Today, Committee on Ways and Means Chairman Dave Camp (R-MI), Ranking Member Sandy Levin (D-MI), Human Resources Subcommittee Chairman Dave Reichert (R-WA), and Human Resources Subcommittee Ranking Member Lloyd Doggett (D-TX) introduced the Promoting Adoption and Legal Guardianship for Children in Foster Care Act.
The Promoting Adoption and Legal Guardianship for Children in Foster Care Act:
- reauthorizes the program for three years (i.e. through FY 2016);
- revises awards over that three-year period to focus on increasing adoption rates - - - instead of the raw number of adoptions (ensuring States receive awards even as foster care caseloads continue to decline);
- focuses more resources on increasing adoptions of older children;
- creates a new award category for increases in the rate of children leaving foster care for legal guardianship; and
- allows States to spend incentive funds over three years instead of two.
Speaking about the introduction of the bill, Chairman Camp said: "Children in foster care deserve a place to call home, not just for a few months or years but for good. Having focused on adoption since arriving in Congress--and having helped create the Adoption Incentives program--I know by providing states with incentives for adoptions we can encourage them to do more to help these children. We have already seen great progress in increasing adoptions since this program was created in 1997, and it is our hope to continue this progress with this bill. I encourage my colleagues to join me in supporting this bill in the House, and I hope the Senate will also act soon so we can continue to move even more foster children into permanent homes."

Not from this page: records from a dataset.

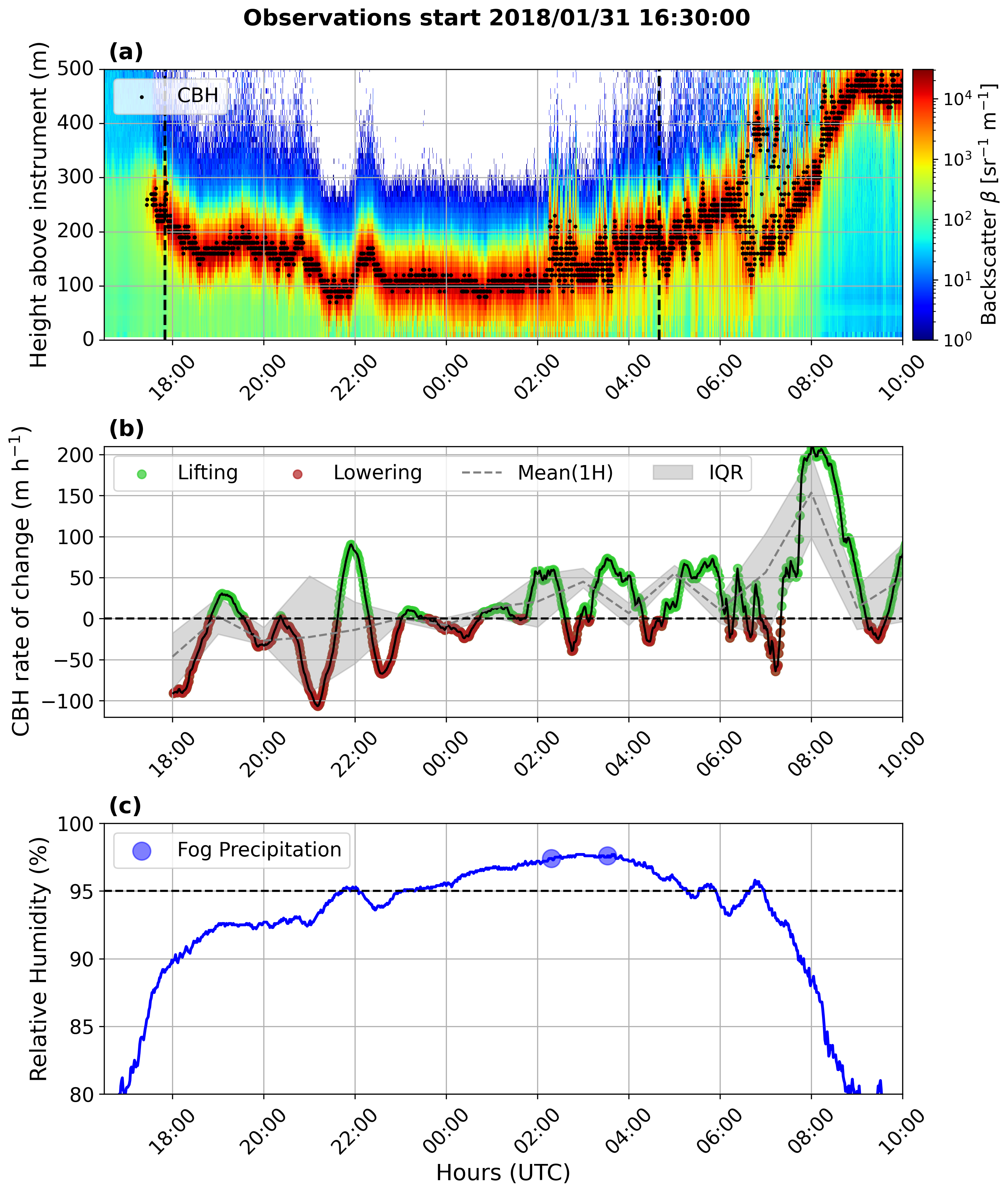 Figure 5Time series analysis of the fog life cycle at the Coastal Met station on 31 January 2018. (a) Backscatter intensity (sr−1 m−1) with CBH markers, illustrating fog evolution. Dashed lines indicate the times of sunrise and sunset. (b) CBH rates of change (m h−1) with lifting (green) and lowering (red), alongside the hourly mean (dashed) and interquartile range (shaded). (c) RH (%) with fog precipitation indicated by blue markers. The figure captures key phases of fog occurrence, development, and dissipation.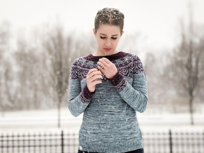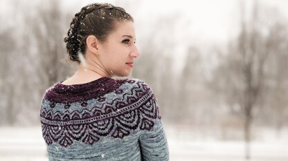 Tensia is a top-down, circular yoke sweater that is knit seamlessly. The relaxed fit with hourglass shaping and generous length makes for a wearable sweater that is effortlessly stylish. Or, skip the waist shaping for a more boxy, unisex fit. This garment is waiting for the perfect combination of colors. I chose colors for my sample that remind me of the hydrangeas (also known as hortensia) that my grandmother grows in her garden.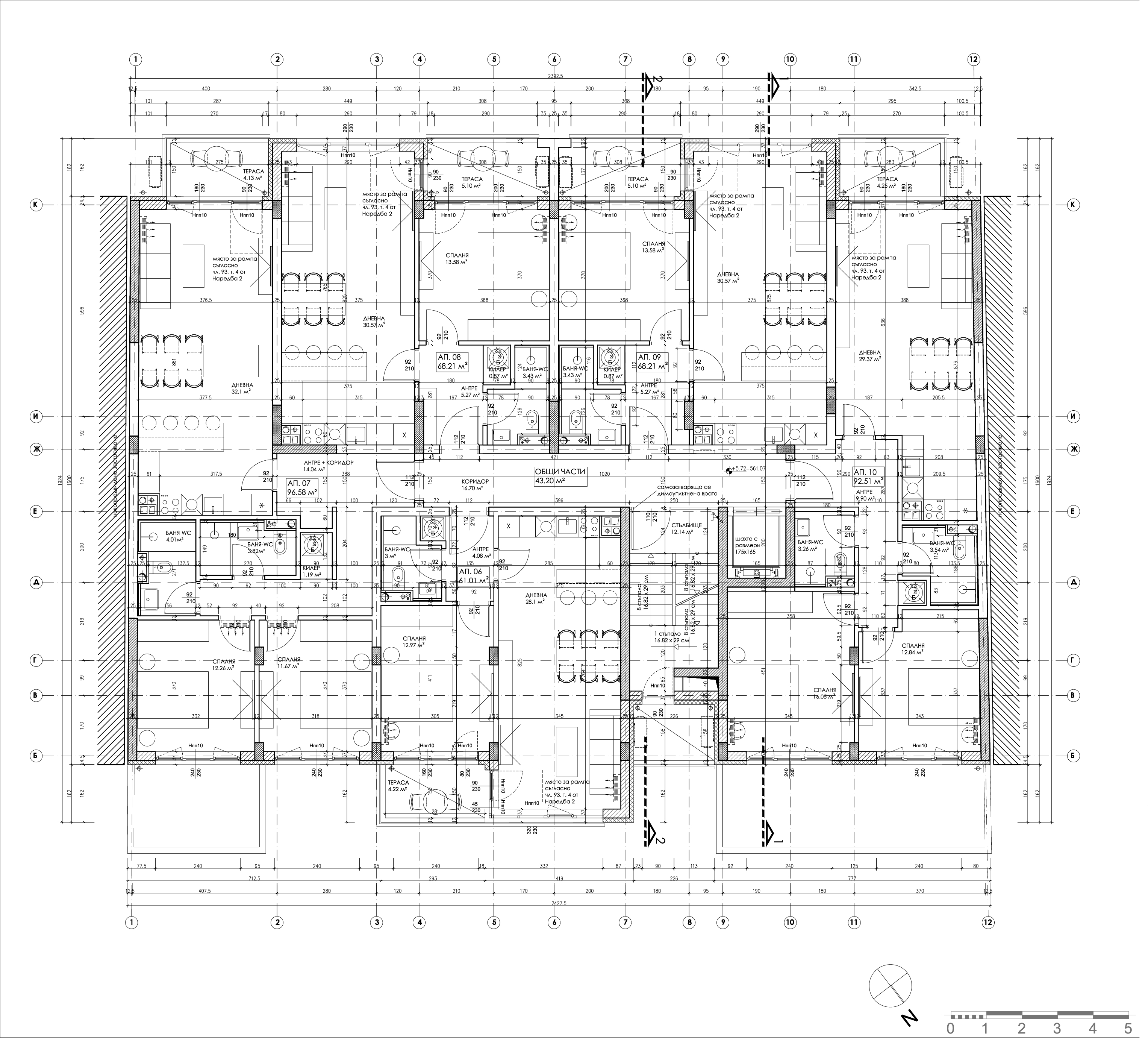 На партерния етаж са обособени 11 гаража, както и открити паркоместа във вътрешното дворно пространство. Горните етажи са реализирани с апартаменти, като на типовите етажи има по 6 жилища.

Ranking Member Levin said: "Every child deserves a permanent home that provides a safe, enriching and loving environment, and this legislation rewards State foster care programs that make progress toward that important goal. I look forward to action on this bipartisan effort to promote adoption and guardianship for the over 100,000 children now in foster care who are awaiting a permanent family."
Human Resources Subcommittee Chairman Reichert said: "Today, 100,000 children in foster care are waiting to be adopted. As a grandfather and uncle to four adopted children, I know firsthand the joy that a loving, stable home brings to the life of a child but even more so the many blessings that the child brings to their adoptive family. That's why my first hearing as Chairman of the Human Resources Subcommittee focused on how to help more of these children find permanent homes. This bill incorporates ideas we heard in that hearing as well as those submitted by the public, such as emphasizing adoption for older children who today have the least chance of finding a permanent home. This bipartisan bill will continue to strengthen this important program, ensuring more children grow up with a safe, loving, and permanent family."
Human Resources Subcommittee Ranking Member Doggett said:"This bipartisan legislation makes small, but important steps in assisting abused and neglected children to find a permanent home, and it preserves the Family Connections initiative to connect foster children to other family members. It includes a provision I authored to help ensure these children receive continued assistance even if their legal guardian dies."
This legislation would require States to improve their reporting of State savings in the wake of changes made in 2008 that increased Federal funding of adoption assistance, and it ensures a portion of these savings is invested in services to support families after adoptions have been finalized. The bill also clarifies the treatment of successor guardians under the new Guardianship Assistance Program, guaranteeing children can continue to be cared for by another legal guardian if a relative guardian passes away or is incapacitated.
This bill would also extend for three years the Family Connection Grants program that is focused on helping children in foster care reconnect with family members. To offset the cost of this extension, the bill requires States to offset Federal income tax refunds to recover Unemployment Insurance overpayments that are the fault of the claimant. The combination of these provisions means that the legislation is expected to reduce the deficit over 10 years by $24 million.
On August 7, the Ways and Means Committee released draft legislation to extend and improve the Adoption Incentives program based on testimony received at a Human Resources Subcommittee hearing earlier this year. Public comments on that draft legislation informed several changes made to the bipartisan legislation introduced today.